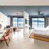Odalarının her birinde özel banyo, jakuzi, havlu, saç kurutma makinesi, ücretsiz banyo / kozmetik ürünleri, eşya dolabı, mini bar, kettle / su ısıtıcısı, LCD TV, klima, deniz manzaralı balkon, kasa ve telefon bulunmaktadır.
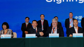 由左至右依次為:先河集團副總裁范朝、SCI總裁Mark、先河集團國際事務(wù)主管王江玲
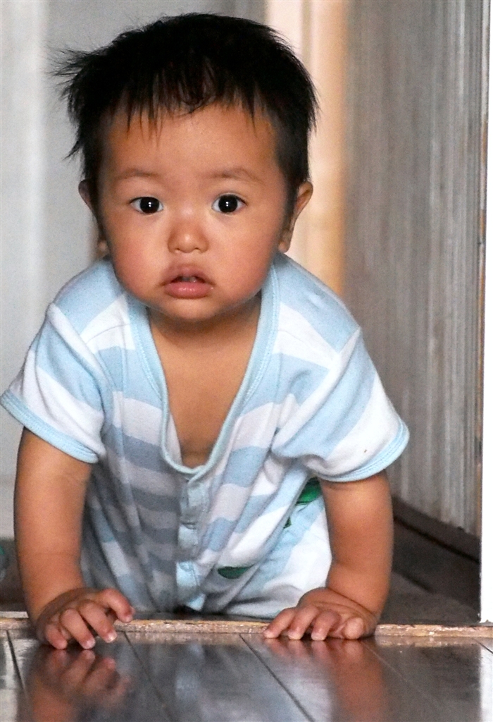 暗い廊下を歩く 赤ちゃん

To do: Set the listing down verbatim, excluding pictures.

Solution:
Odalarının her birinde özel banyo, jakuzi, havlu, saç kurutma makinesi, ücretsiz banyo / kozmetik ürünleri, eşya dolabı, mini bar, kettle / su ısıtıcısı, LCD TV, klima, deniz manzaralı balkon, kasa ve telefon bulunmaktadır.
 由左至右依次為:先河集團副總裁范朝、SCI總裁Mark、先河集團國際事務(wù)主管王江玲
 暗い廊下を歩く 赤ちゃん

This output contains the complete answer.